Data lakes
A data lake can be defined as a centralized repository that allows you to store all structured and unstructured data at any scale. With today’s hyper scalers providing cheap and durable storage, it is now possible for organizations to store all of their data in the cloud without significant cost implications. Data lakes are broken down into layers or zones.
In the first layer of the data lake, data is generally stored as-is. This reduces the entry barrier and enables organizations to move all of their data to the “lake” without significantly increasing development or maintenance costs. Because the first layer of the data lake is an as-is copy of the data, organizations can use an automated configuration-based pipeline to create newer sources.

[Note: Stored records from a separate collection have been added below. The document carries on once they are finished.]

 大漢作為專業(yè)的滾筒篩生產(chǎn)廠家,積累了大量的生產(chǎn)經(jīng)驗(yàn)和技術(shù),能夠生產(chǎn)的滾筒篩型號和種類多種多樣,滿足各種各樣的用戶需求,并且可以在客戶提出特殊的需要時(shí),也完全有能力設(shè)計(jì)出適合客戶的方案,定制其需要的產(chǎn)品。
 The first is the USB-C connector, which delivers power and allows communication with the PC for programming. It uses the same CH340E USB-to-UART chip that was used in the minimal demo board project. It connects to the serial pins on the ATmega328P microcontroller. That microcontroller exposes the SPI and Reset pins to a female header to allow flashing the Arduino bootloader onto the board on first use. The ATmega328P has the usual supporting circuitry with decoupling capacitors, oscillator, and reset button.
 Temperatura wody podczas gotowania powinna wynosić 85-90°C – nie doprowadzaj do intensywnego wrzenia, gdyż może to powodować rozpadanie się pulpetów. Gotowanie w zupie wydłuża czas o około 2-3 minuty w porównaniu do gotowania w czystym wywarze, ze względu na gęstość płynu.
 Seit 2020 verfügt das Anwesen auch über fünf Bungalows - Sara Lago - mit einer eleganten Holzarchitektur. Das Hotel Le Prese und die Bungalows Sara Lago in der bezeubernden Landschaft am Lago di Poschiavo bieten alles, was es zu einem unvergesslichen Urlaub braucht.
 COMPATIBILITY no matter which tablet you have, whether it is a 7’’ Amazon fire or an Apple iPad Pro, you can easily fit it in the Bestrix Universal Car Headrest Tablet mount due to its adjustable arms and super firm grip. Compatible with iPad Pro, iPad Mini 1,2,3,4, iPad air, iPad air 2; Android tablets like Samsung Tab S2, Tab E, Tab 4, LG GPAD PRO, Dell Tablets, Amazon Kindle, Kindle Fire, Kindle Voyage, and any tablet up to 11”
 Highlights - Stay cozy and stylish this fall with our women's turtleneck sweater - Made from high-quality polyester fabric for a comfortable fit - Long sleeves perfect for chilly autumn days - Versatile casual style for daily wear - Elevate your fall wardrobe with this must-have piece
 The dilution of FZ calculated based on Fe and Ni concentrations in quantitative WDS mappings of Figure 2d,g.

Organizations usually pick a replication tool such as AWS Data Migration Service (AWS DMS) to bring the data into the data lake. While AWS DMS involves taking care of the replication infrastructure, it is mostly a hands-off mechanism for hydrating the lake. Organizations may also use a push mechanism to FTP to transfer the files to an AWS Simple Storage Service (S3)-based data lake using AWS Transfer Family.
Data from the first layer is compressed and partitioned, and audited columns are added during data preparation so that they can be used by downstream systems more effectively. Having all the data in the data lake enables data analysts to do the initial discovery to find out the value of combining data from various sources. If the value is discovered, then necessary transformations are applied in an ETL pipeline so that the target is hydrated with newer data periodically or through a streaming arrangement. These automated transformations are then loaded into the final layer of a data lake and used for user consumption.